• _Activity_
An exact repetition of the data below, without images, is the expected answer.

• _Given material_
------------------------------
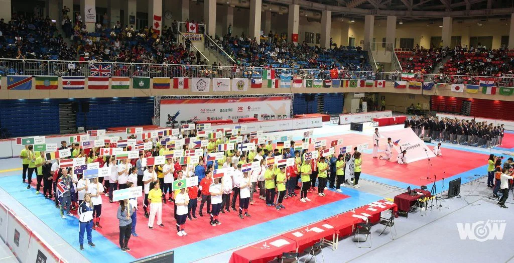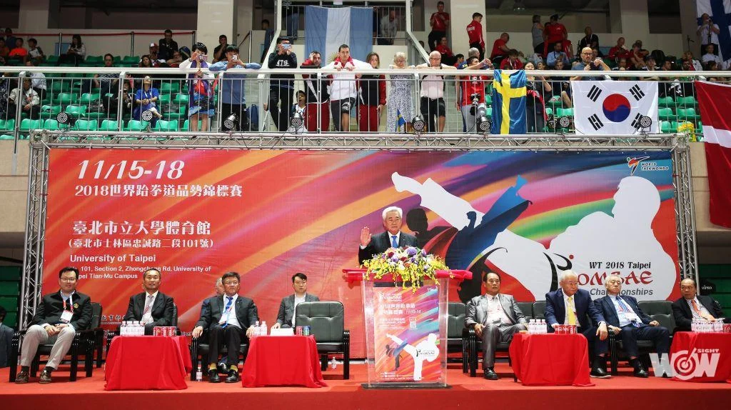 世界跆拳道品勢錦標賽今天在台北市立大學天母校區體育館開幕,動感的音樂以及熱情的加油聲,讓這項台灣首度承辦的賽會盛大展開。世界跆拳道聯盟會長趙正源在開幕典禮致詞時表示,這是歷來最大的世錦賽。
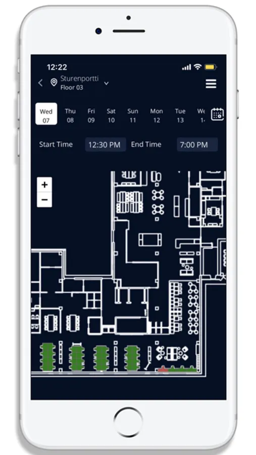 With the app, you can book a workstation in the hot desk area and book suitable meeting rooms. It helps you find the workstation you have booked. The app also allows you to find your co-workers if they have given permission to do so.
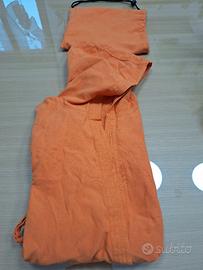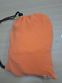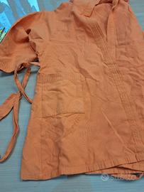 Vendo accappatoio bambina/o taglia circa 4 anni ( lunghezza dalla spalla cm.65), in microfibra , due tasche, di colore arancione, usato ma in ottime condizioni, compresa comoda sacca per riporlo e trasportarlo.
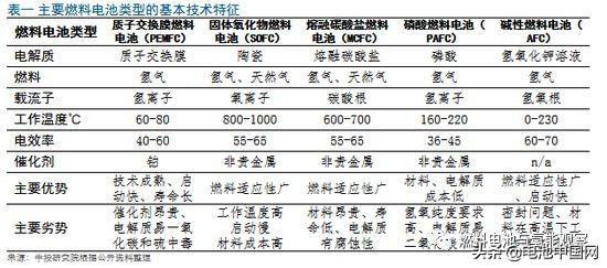 燃料電池(Fuel cell)是一種主要通過氧或其他氧化劑進(jìn)行氧化還原反應(yīng),把燃料中的化學(xué)能轉(zhuǎn)換成電能的發(fā)電裝置。最常見的燃料為氫,其他燃料來源來自于任何的能分解出氫氣的碳?xì)浠衔铮缣烊粴?、醇、和甲烷等。燃料電池有別于原電池,優(yōu)點在于透過穩(wěn)定供應(yīng)氧和燃料來源,即可持續(xù)不間斷的提供穩(wěn)定電力,直至燃料耗盡,不像一般非充電電池一樣用完就丟棄,也不像充電電池一樣,用完須繼續(xù)充電。主要燃料電池類型的技術(shù)特征見表一:
------------------------------
• _Answer for this exercise_
 世界跆拳道品勢錦標賽今天在台北市立大學天母校區體育館開幕,動感的音樂以及熱情的加油聲,讓這項台灣首度承辦的賽會盛大展開。世界跆拳道聯盟會長趙正源在開幕典禮致詞時表示,這是歷來最大的世錦賽。
 With the app, you can book a workstation in the hot desk area and book suitable meeting rooms. It helps you find the workstation you have booked. The app also allows you to find your co-workers if they have given permission to do so.
 Vendo accappatoio bambina/o taglia circa 4 anni ( lunghezza dalla spalla cm.65), in microfibra , due tasche, di colore arancione, usato ma in ottime condizioni, compresa comoda sacca per riporlo e trasportarlo.
 燃料電池(Fuel cell)是一種主要通過氧或其他氧化劑進(jìn)行氧化還原反應(yīng),把燃料中的化學(xué)能轉(zhuǎn)換成電能的發(fā)電裝置。最常見的燃料為氫,其他燃料來源來自于任何的能分解出氫氣的碳?xì)浠衔铮缣烊粴?、醇、和甲烷等。燃料電池有別于原電池,優(yōu)點在于透過穩(wěn)定供應(yīng)氧和燃料來源,即可持續(xù)不間斷的提供穩(wěn)定電力,直至燃料耗盡,不像一般非充電電池一樣用完就丟棄,也不像充電電池一樣,用完須繼續(xù)充電。主要燃料電池類型的技術(shù)特征見表一:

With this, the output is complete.